Return every line from the one with "Банке ВТБ (ПАО)." through the one with "31 | 29 | 23", inclusive, exactly as it appears below.

[Entries shown — start]

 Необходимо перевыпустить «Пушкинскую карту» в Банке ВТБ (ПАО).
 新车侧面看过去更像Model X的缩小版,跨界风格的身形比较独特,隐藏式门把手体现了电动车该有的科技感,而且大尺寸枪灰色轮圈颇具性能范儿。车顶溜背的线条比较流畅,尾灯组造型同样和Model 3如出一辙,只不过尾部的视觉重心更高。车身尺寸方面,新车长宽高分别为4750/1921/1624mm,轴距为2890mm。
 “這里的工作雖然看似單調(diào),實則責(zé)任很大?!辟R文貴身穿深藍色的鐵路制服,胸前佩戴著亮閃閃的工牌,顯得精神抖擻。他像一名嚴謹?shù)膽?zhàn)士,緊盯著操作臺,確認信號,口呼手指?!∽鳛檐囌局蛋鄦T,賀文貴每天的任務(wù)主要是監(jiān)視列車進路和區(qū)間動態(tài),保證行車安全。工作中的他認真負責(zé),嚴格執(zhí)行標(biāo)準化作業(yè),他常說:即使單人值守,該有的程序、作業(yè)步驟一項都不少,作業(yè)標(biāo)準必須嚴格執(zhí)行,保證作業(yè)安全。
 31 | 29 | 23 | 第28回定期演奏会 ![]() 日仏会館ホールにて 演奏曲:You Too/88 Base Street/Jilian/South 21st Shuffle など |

[Entries shown — finish]
[Entries shown — start]

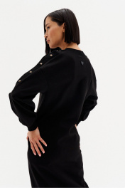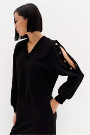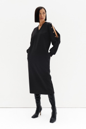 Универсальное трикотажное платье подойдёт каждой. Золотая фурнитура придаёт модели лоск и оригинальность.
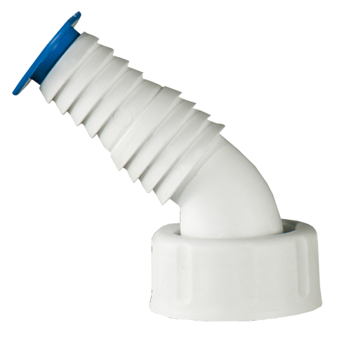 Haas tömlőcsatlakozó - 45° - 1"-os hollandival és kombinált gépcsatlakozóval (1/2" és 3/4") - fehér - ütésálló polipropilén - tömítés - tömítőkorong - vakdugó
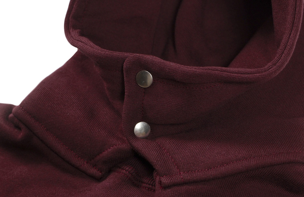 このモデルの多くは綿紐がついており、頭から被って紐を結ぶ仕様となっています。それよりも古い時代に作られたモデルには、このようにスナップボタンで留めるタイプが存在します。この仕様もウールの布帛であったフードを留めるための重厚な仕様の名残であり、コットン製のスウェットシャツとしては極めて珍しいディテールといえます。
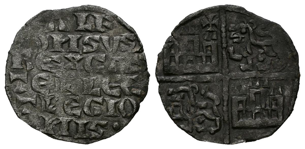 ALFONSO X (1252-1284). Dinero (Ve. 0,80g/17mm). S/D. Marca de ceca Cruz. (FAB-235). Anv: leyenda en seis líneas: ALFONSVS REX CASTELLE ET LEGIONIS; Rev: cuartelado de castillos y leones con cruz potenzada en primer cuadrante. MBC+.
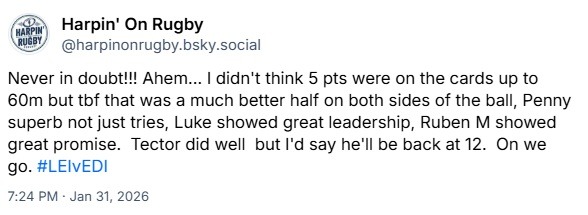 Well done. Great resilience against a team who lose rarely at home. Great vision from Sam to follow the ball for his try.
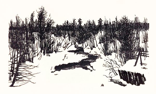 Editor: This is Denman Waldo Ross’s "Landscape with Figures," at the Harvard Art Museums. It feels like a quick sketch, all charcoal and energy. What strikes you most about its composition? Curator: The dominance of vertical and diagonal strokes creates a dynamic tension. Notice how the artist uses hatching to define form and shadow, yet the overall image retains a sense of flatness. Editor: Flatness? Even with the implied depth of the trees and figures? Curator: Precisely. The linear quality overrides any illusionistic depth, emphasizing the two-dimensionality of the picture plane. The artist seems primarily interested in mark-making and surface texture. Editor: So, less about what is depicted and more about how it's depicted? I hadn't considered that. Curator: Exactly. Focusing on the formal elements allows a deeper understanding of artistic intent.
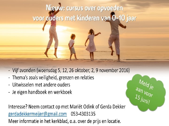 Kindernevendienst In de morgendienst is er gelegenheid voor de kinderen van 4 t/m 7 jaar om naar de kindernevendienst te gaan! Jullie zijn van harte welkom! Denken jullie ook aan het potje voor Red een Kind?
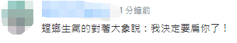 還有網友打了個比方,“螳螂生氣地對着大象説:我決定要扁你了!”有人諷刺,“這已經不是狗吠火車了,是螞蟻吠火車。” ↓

[Entries shown — finish]
[Entries shown — start]

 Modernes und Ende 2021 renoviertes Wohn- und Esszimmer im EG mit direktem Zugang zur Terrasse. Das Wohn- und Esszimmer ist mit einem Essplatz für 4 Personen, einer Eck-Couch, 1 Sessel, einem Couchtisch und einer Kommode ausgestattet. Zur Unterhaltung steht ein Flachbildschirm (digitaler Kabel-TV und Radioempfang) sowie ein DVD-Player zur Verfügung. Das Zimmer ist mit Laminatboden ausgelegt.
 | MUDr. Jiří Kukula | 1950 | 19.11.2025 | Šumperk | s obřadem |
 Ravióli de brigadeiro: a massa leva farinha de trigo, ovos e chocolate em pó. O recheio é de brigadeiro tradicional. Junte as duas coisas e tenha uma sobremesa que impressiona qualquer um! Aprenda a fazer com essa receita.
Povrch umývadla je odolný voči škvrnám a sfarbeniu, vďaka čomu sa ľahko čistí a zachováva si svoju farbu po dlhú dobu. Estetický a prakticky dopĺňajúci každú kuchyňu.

[Entries shown — finish]

**Solution below**:
 Необходимо перевыпустить «Пушкинскую карту» в Банке ВТБ (ПАО).
 新车侧面看过去更像Model X的缩小版,跨界风格的身形比较独特,隐藏式门把手体现了电动车该有的科技感,而且大尺寸枪灰色轮圈颇具性能范儿。车顶溜背的线条比较流畅,尾灯组造型同样和Model 3如出一辙,只不过尾部的视觉重心更高。车身尺寸方面,新车长宽高分别为4750/1921/1624mm,轴距为2890mm。
 “這里的工作雖然看似單調(diào),實則責(zé)任很大?!辟R文貴身穿深藍色的鐵路制服,胸前佩戴著亮閃閃的工牌,顯得精神抖擻。他像一名嚴謹?shù)膽?zhàn)士,緊盯著操作臺,確認信號,口呼手指?!∽鳛檐囌局蛋鄦T,賀文貴每天的任務(wù)主要是監(jiān)視列車進路和區(qū)間動態(tài),保證行車安全。工作中的他認真負責(zé),嚴格執(zhí)行標(biāo)準化作業(yè),他常說:即使單人值守,該有的程序、作業(yè)步驟一項都不少,作業(yè)標(biāo)準必須嚴格執(zhí)行,保證作業(yè)安全。
 31 | 29 | 23 | 第28回定期演奏会 ![]() 日仏会館ホールにて 演奏曲:You Too/88 Base Street/Jilian/South 21st Shuffle など |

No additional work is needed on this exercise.